The popularity of antidepressants in the treatment of insomnia is not supported by a large amount of convincing data, but rather by opinions and beliefs of the prescribing physicians on the advantages of these agents compared with drugs acting on the benzodiazepine receptor or other drugs used for the treatment of insomnia. The existing data do not allow for clear-cut, evidence-based recommendations concerning the use of antidepressants in insomnia. Our conclusions result from a few short-term studies on single agents, clinical experience and inferences from knowledge on the effect of antidepressants in other indications. At present, prescribing antidepressants for short-term treatment of insomnia can be useful if there is some amount of concomitant depressive symptomology or a history of depression, raising the impression that the present insomnia may be a prodromal sign for a new depressive episode. In all other cases, benzodiazepine receptor agonists, especially the nonbenzodiazepines among them (the so-called 'z drugs') should be the drugs of choice. For long-term treatment, antidepressants are among the pharmacological options, in addition to other groups of psychotropics. Off-label use of antidepressants may be considered for chronic insomnia if there is a concomitant depressive symptomalogy (which is not so pronounced that an antidepressant treatment with adequate higher doses would be required) and if there is no specific indication for one of the other groups of psychotropics (e.g. dementia-related nocturnal agitation, in which case an antipsychotic would be preferred, or circadian problems, in which case melatonin or a melatonin agonist would be favoured). If antidepressants are used to treat insomnia, sedating ones should be preferred over activating agents such as serotonin reuptake inhibitors. In general, drugs lacking strong cholinergic activity should be preferred. Drugs blocking serotonin 5-HT2A or 5-HT2C receptors should be preferred over those whose sedative property is caused by histamine receptor blockade only. The dose should be as low as possible (e.g. as an initial dose: doxepin 25 mg, mirtazapine 15 mg, trazodone 50 mg, trimipramine 25 mg). Regarding the lack of substantial data allowing for evidence-based recommendations, we are facing a clear need for well designed, long-term, comparative studies to further define the role of antidepressants versus other agents in the management of insomnia.
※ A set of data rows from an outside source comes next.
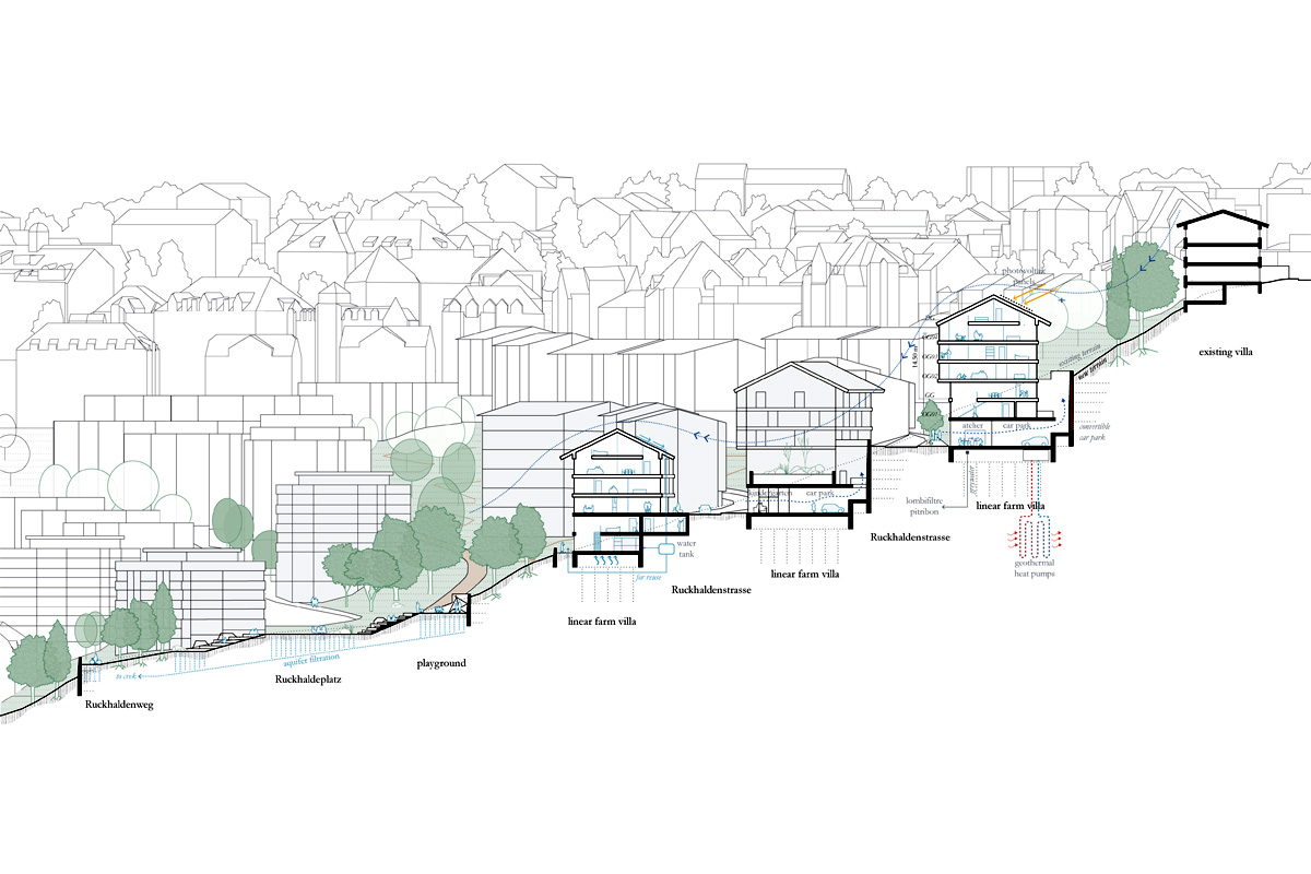 Die den Gletscher bewohnen is an encounter between architecture and reality, but also with the history of St. Gallen through the glacier, its influence on local architecture, the soil, the rocks, the fauna and flora, the relationship between the urban and the rural, the human interactions behind construction, the environment, the car, and shifting social dynamics. The project is not a dogmatic answer, but a set of reflections on a specific reality: the Ruckhalde area, at the edge of the city, where architecture listens to the ground, to time, and to the ways of living yet to come.
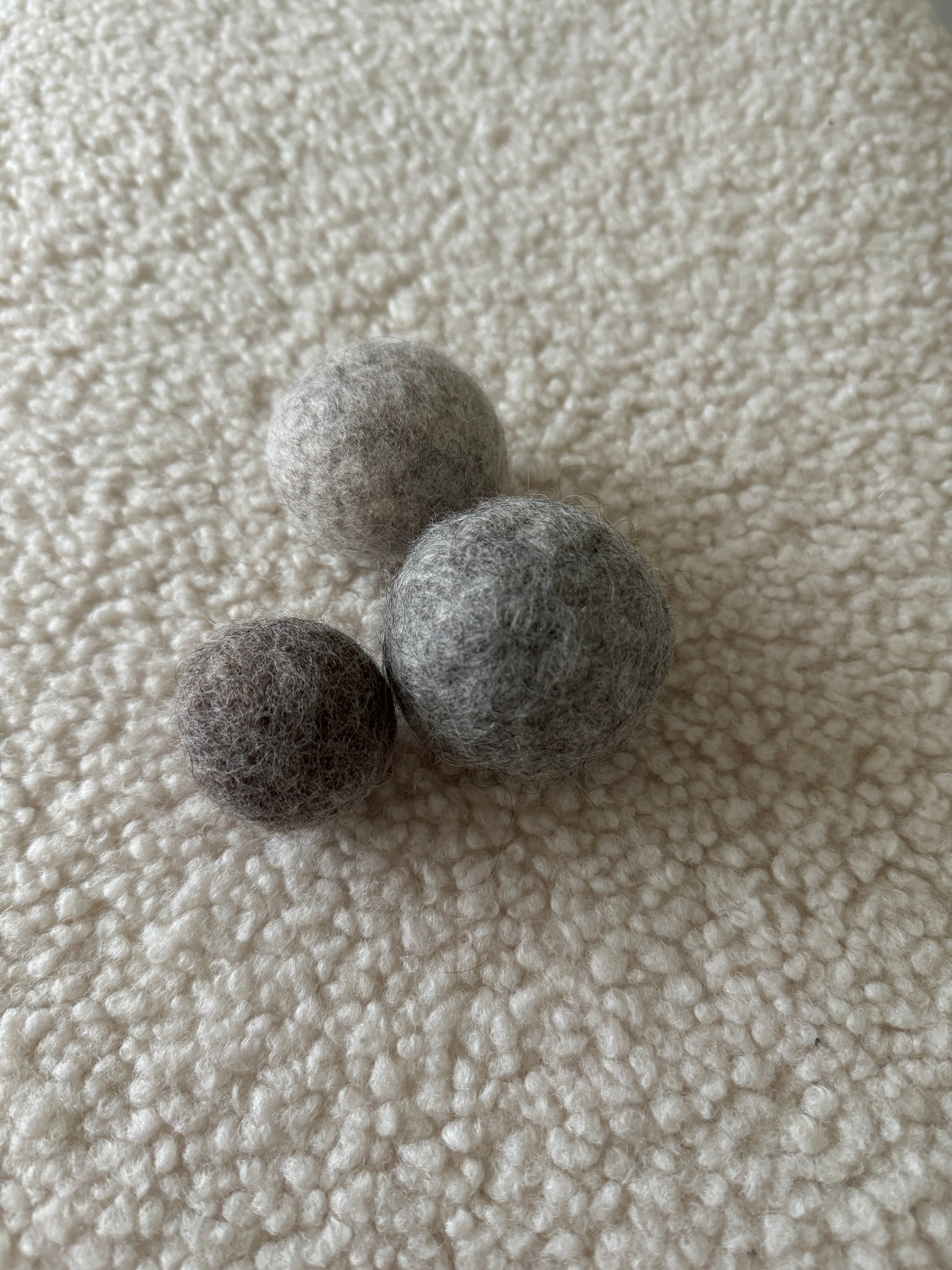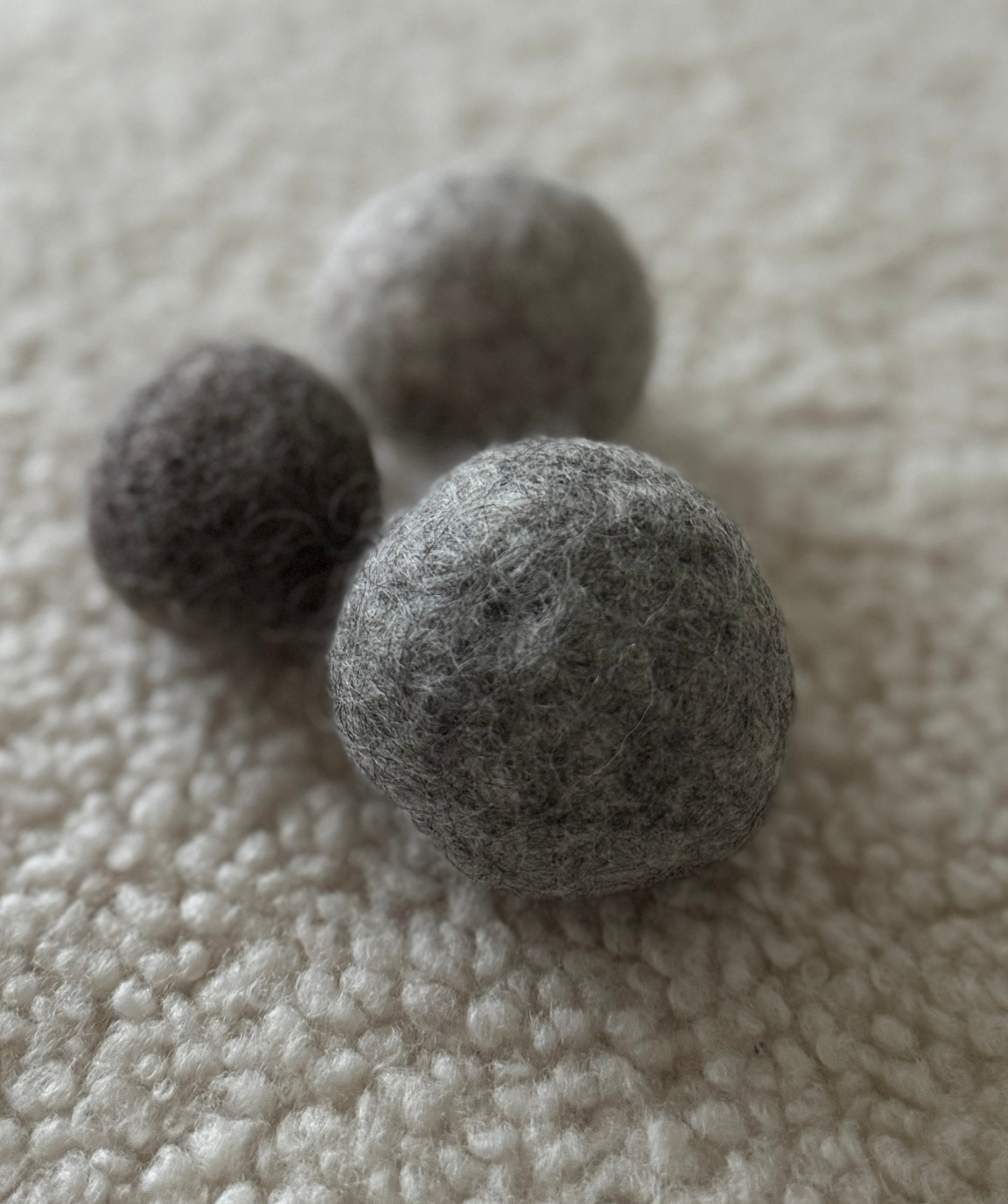 Disse bolde er håndlavede på Fyn, og er af 100% ren uld. De sælges i poser med tre styk. De er unika, dvs. at de ikke er helt ens, men de er alle i jordfarver/grå/råhvid.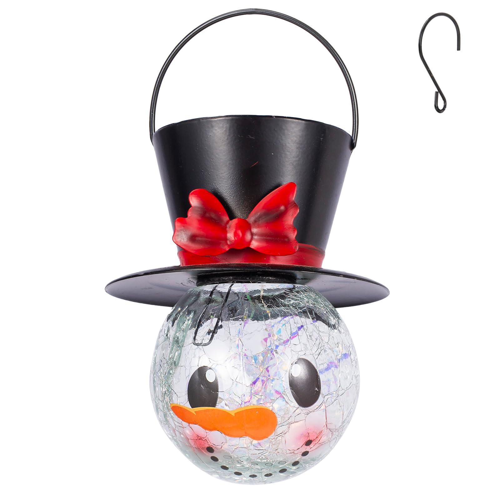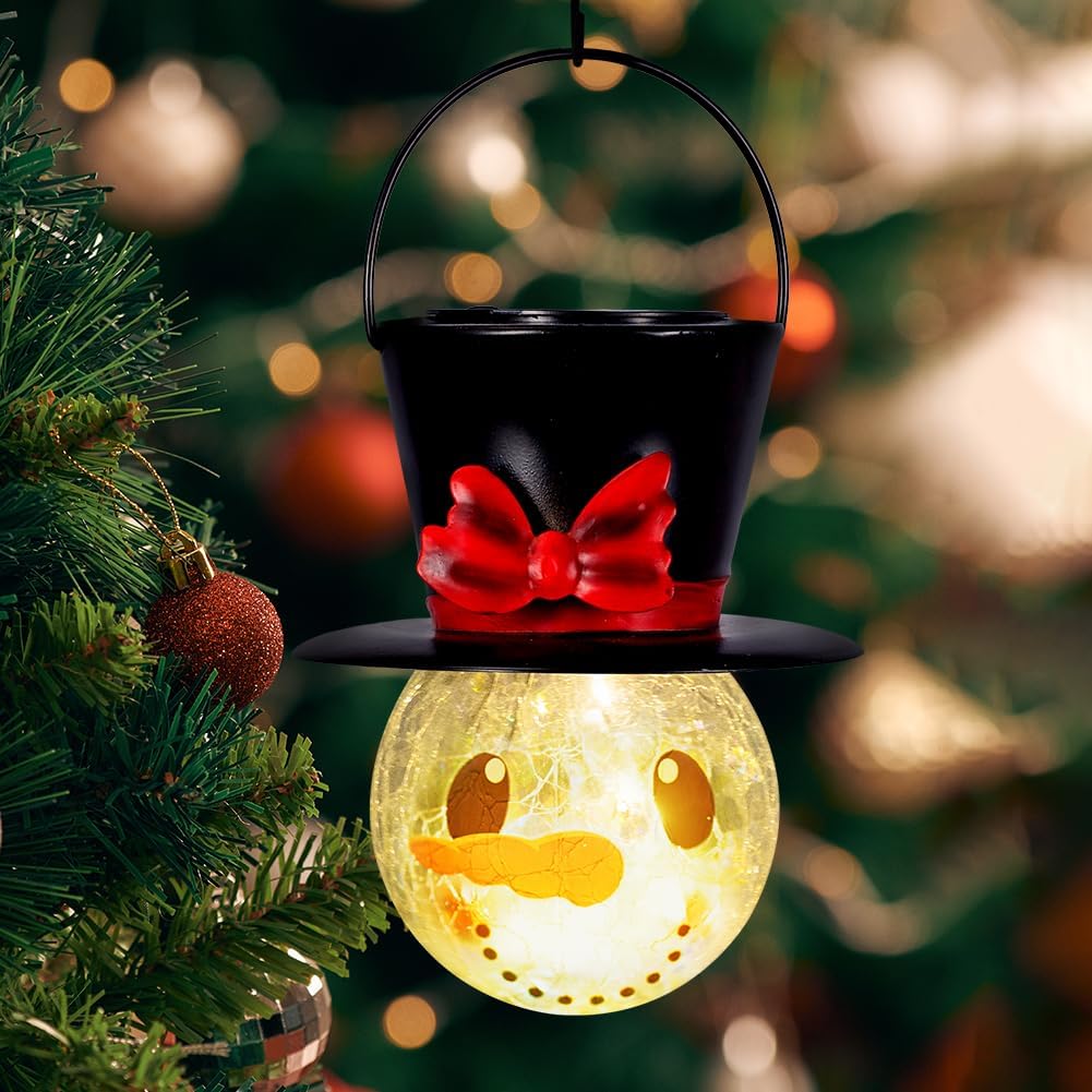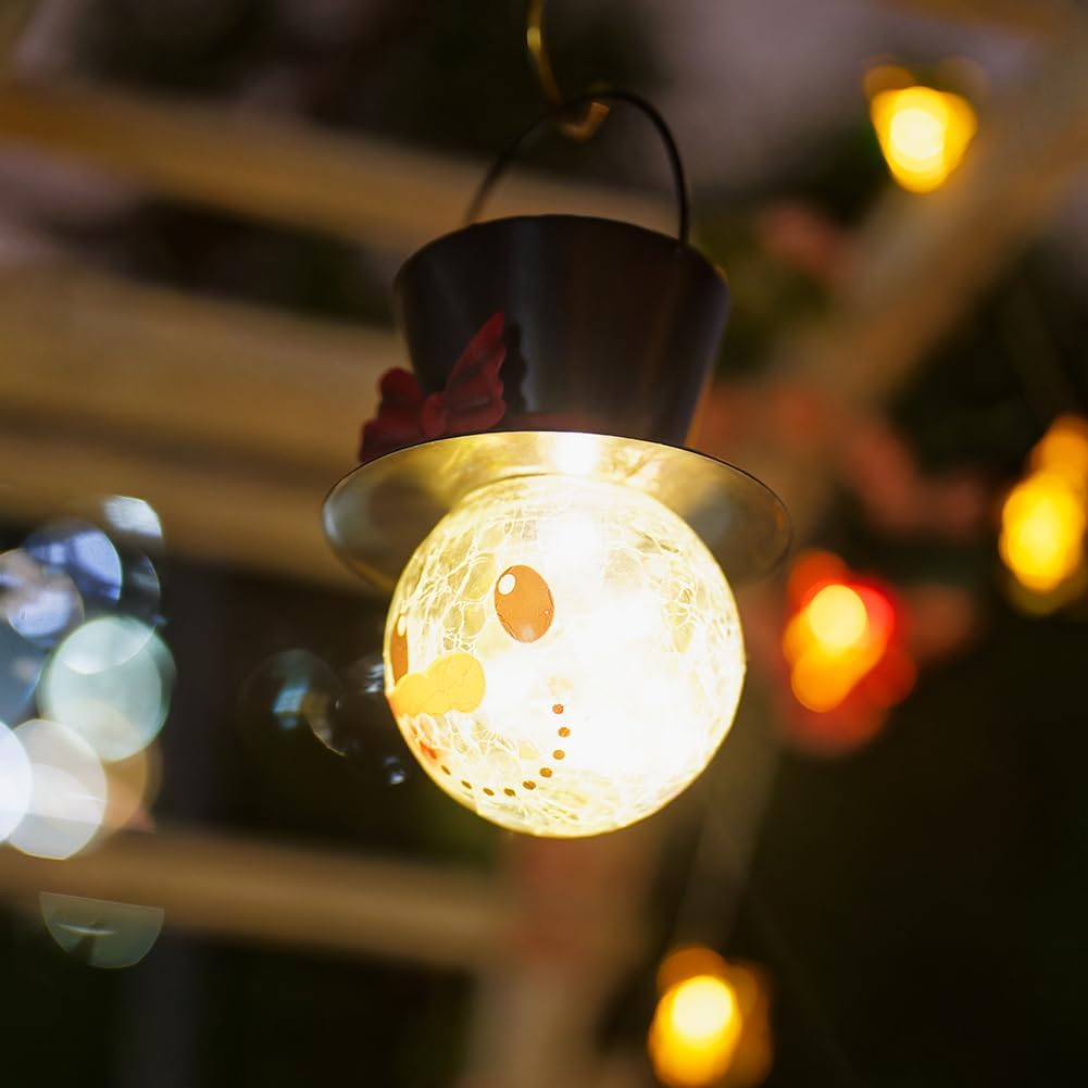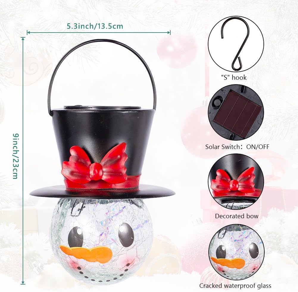 【Snowman Solar Lantern】: This solar christmas lantern features features a smiling snowman face illuminated from within, casting a warm, inviting glow. The top hat, adorned with a vibrant red bow, adds a whimsical touch. Perfect for adding a touch of holiday cheer to your outdoor spaces. 【Snowman Solar Lights】Solar snowman lantern size: 3.53" Dia 5.9"H, 1.33 lbs/pc. When using for the first time, pls move the switch button to the ON position. The outdoor hanging christmas decorations will start to work, charge during the day and turn on at night.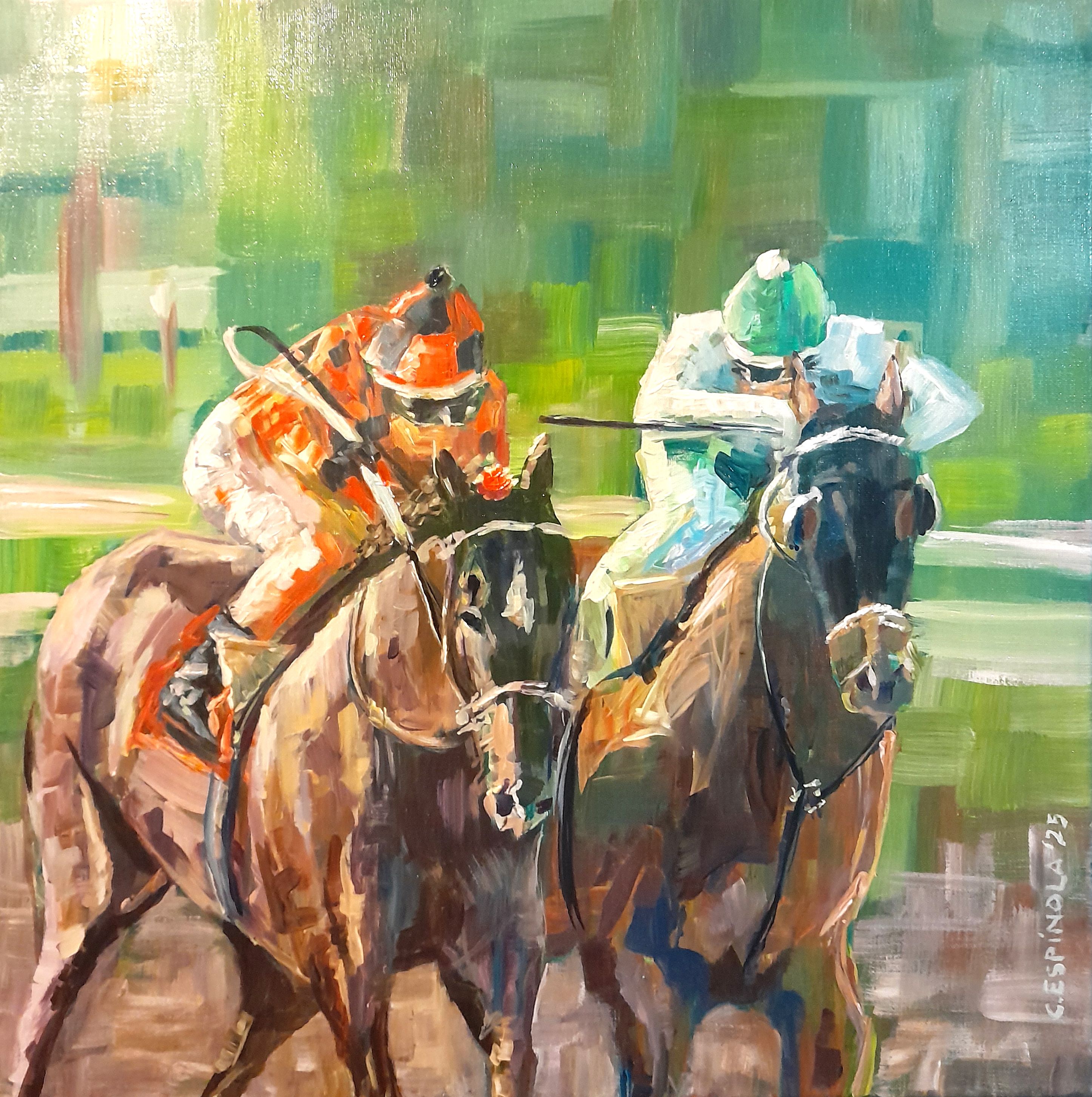 Segunda carrera. Es el segundo cuadro que realizo utilizando la técnica aprendida y sigo ahondando en el mundo de la hipica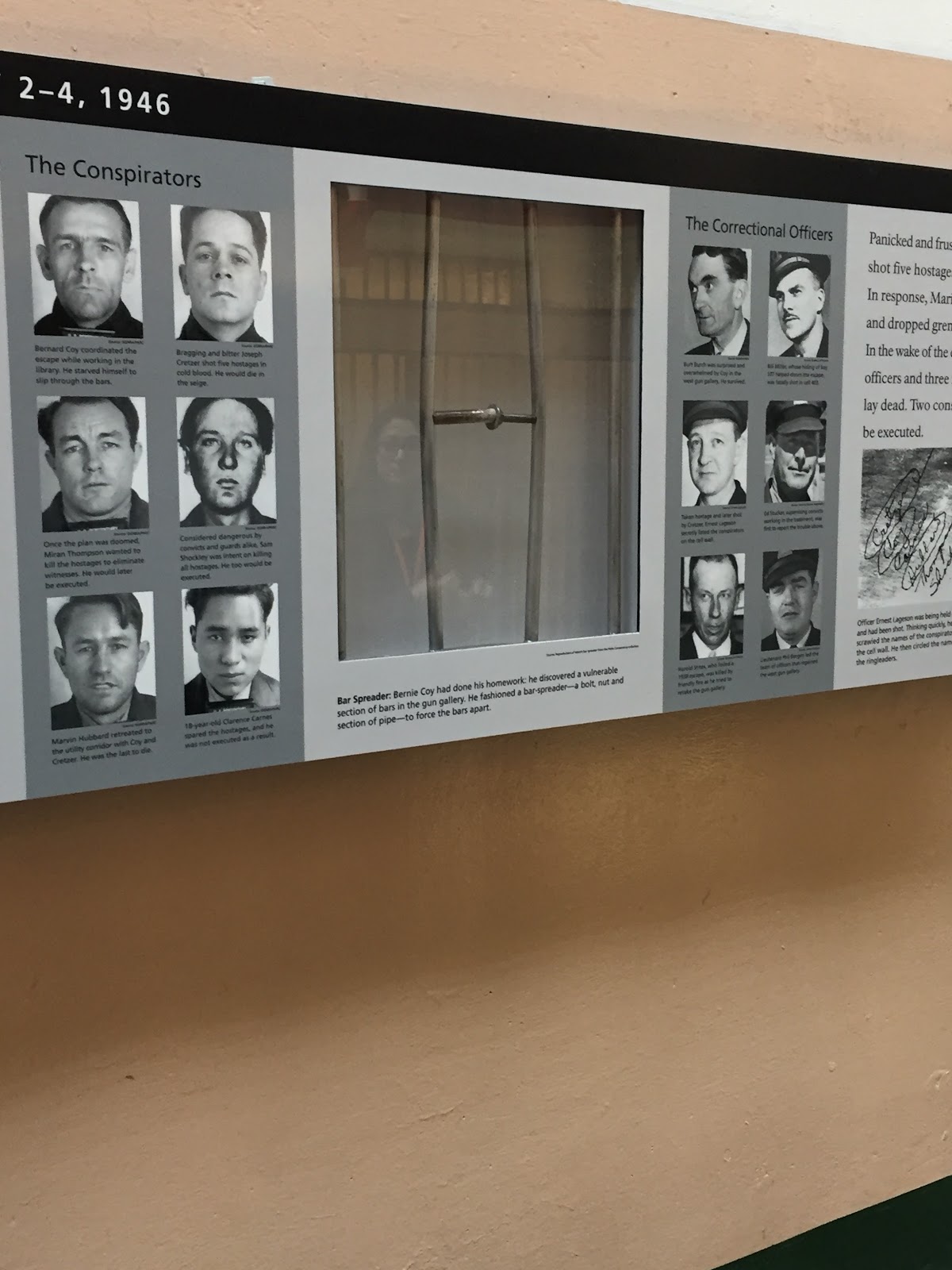 這道走廊有一段越獄故事:1946年5月2日發生一起六人逃獄事件,稱為Battle of Alcatraz。

Nefazodone in primary insomnia: an open pilot study.

The present study is the first to investigate the effect of the antidepressant nefazodone on sleep in patients with primary (psychophysiological) insomnia. Following baseline assessment of sleep (polysomnography and subjective sleep parameters), 32 patients received initially 100 mg nefazodone in a single dose at bedtime; according to efficacy and tolerability, the dose could be increased up to 400 mg. Polysomnography and assessment of subjective sleep parameters were repeated after 4 weeks' administration. 12 patients dropped out, 11 of them due to lack of efficiency or intolerable side effects. In 20 patients who completed, the authors observed a lengthened sleep onset latency, decreases in stage 1 and slow wave sleep, and increases in stages 2 and REM under nefazodone. Subjective measures of sleep mirrored a clearer improvement: there was a significant reduction of the PSQI total score and all subscores except sleep latency. We suppose that the dose range chosen was too high for this patient population, thus accounting for the high proportion of dropouts and the partly unfavorable effects on objective sleep parameters. For a definite evaluation of the possible role of nefazodone in the treatment of primary (psychophysiological) insomnia, double-blind, placebo-controlled, randomized studies with lower doses are needed.